Executor wiring: pass outputFileDir into bash paths `packages/workflows/src/dag-executor.ts`	Calls `substituteNodeOutputRefs(..., true, logDir)` from `executeBashNode` and passes `logDir` for `loop.until_bash`, enabling file-backed substitution for bash nodes and loop conditions.
Large output substitution test suite `packages/workflows/src/dag-executor.test.ts`	Adds tests creating a temp dir and validating small-output inlining, large-output file writing + `$(cat ...)` referencing (including field-file naming), suppression of file writes when `escapedForBash=false`, and fallback to shell-quoting when file writes fail.

Sequence Diagram

sequenceDiagram
  participant Executor
  participant substituteNodeOutputRefs
  participant shellQuoteOrFile
  participant FileSystem
  participant BashSubprocess

  Executor->>substituteNodeOutputRefs: prepare bash script with $nodeId.output
  substituteNodeOutputRefs->>shellQuoteOrFile: value, escapedForBash=true, outputFileDir
  alt value size >= 32KB
    shellQuoteOrFile->>FileSystem: writeFileSync(outputFileDir/<nodeId>.<field?>.nodeoutput)
    FileSystem-->>shellQuoteOrFile: file written
    shellQuoteOrFile-->>substituteNodeOutputRefs: $(cat /path/to/file)
  else value size < 32KB
    shellQuoteOrFile-->>substituteNodeOutputRefs: shellQuote(value)
  end
  substituteNodeOutputRefs-->>Executor: substituted script text
  Executor->>BashSubprocess: execute substituted script
  BashSubprocess->>FileSystem: cat /path/to/file (if file-based)
  FileSystem-->>BashSubprocess: original value bytes

Estimated code review effort

🎯 3 (Moderate) | ⏱️ ~25 minutes

Possibly related issues

#1389: Both touch $nodeId.output substitution behavior and could be related to improvements in how outputs are embedded for downstream consumers.
#1132: Addresses unsafe substitution of node outputs into bash nodes; this PR implements bash-escaping and file-backed substitution that aligns with that objective.
#1585: Modifies substituteNodeOutputRefs and bash substitution paths similarly; this change extends those paths with size-aware file-backed handling.

Possibly related PRs

coleam00/Archon#1482: Related changes to handling structured $node.output.field values and JSON-stringification for substitution; this PR adds size-aware file-backed spill on top of that behavior.
coleam00/Archon#1654: Also modifies substituteNodeOutputRefs structured-output logic; the current change extends substitution to optionally spill large JSON-stringified outputs to files.
coleam00/Archon#1651: Related to bash-safe substitution patterns and env/quoting approaches for user/workflow variables; this PR provides an alternate file-backed fallback for very large values.

Poem

A rabbit nudges bytes to disk with care,
When thirty-two K is too much to wear.
It writes the spill, then whispers with glee,
"$(cat path)" brings the bytes back to me. 🐇📂

🚥 Pre-merge checks | ✅ 5

✅ Passed checks (5 passed)

Check name	Status	Explanation
Title check	✅ Passed	Title clearly summarizes the primary fix: writing large node outputs to temp files to prevent bash substitution corruption.

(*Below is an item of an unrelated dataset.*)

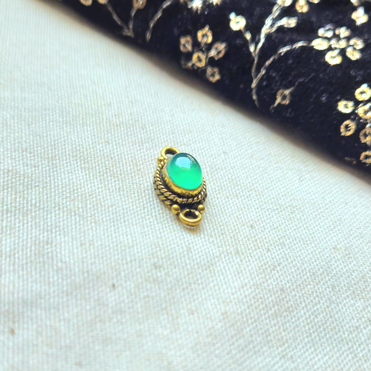 At the center sits a polished round cabochon stone that enhances the floral structure and adds a subtle elegance. The antique gold finish beautifully complements the organic design, making it suitable for both delicate and bold jewelry styles.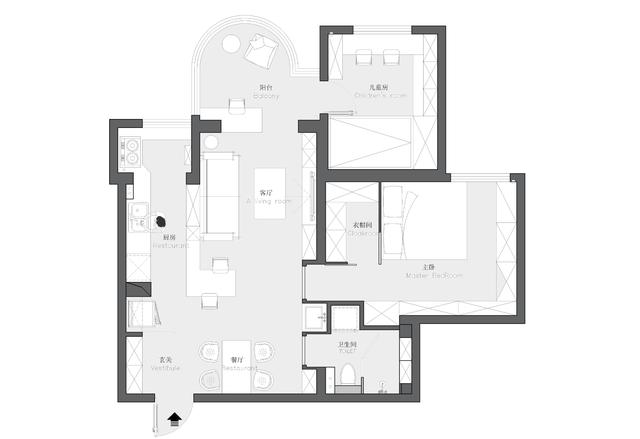 通过设计好的方案来看,除了大量的柜子设计,结构这块也改动挺多的。比如进门对面增加了一个玻璃隔断、将洗衣机设计到卫生间里、厨房以开放式来处理、主卧室一分为二增加一个衣帽间、小孩房的门从阳台进等等。具体通过下面的实景,给大家好好分析一下。

It is specific, concise, and directly reflects the main change.
Description check	✅ Passed	Description covers most required sections: Problem, Why it matters, What changed, What did not change, UX Journey before/after, Architecture Diagram, Connection inventory, Validation Evidence, Security Impact, Compatibility, Risks & Mitigations, and Rollback Plan. Linked issue is clearly stated.
Linked Issues check	✅ Passed	PR fully addresses `#1717`'s primary objective: prevent silent corruption when substituting large $nodeId.output values into bash nodes. Implements file-based substitution (threshold-aware) with proper error handling (try/catch fallback); adds regression tests for large output handling.
Out of Scope Changes check	✅ Passed	All changes are scoped to the stated objectives: dag-executor.ts (substituteNodeOutputRefs signature update, shellQuoteOrFile helper, threshold logic), dag-executor.test.ts (new test suite), and executor invocation points (bash/loop nodes pass logDir). No unrelated refactoring or ancillary changes detected.
Docstring Coverage	✅ Passed	Docstring coverage is 100.00% which is sufficient. The required threshold is 80.00%.

_{✏️ Tip: You can configure your own custom pre-merge checks in the settings.}

✨ Finishing Touches

🧪 Generate unit tests (beta)

Create PR with unit tests

Thanks for using CodeRabbit! It's free for OSS, and your support helps us grow. If you like it, consider giving us a shout-out.

❤️ Share

_{Comment @coderabbitai help to get the list of available commands and usage tips.}

coderabbitai

🧹 Nitpick comments (1)

packages/workflows/src/dag-executor.test.ts (1)
835-836: ⚡ Quick win

Harden temp-dir naming to avoid rare cross-test collisions.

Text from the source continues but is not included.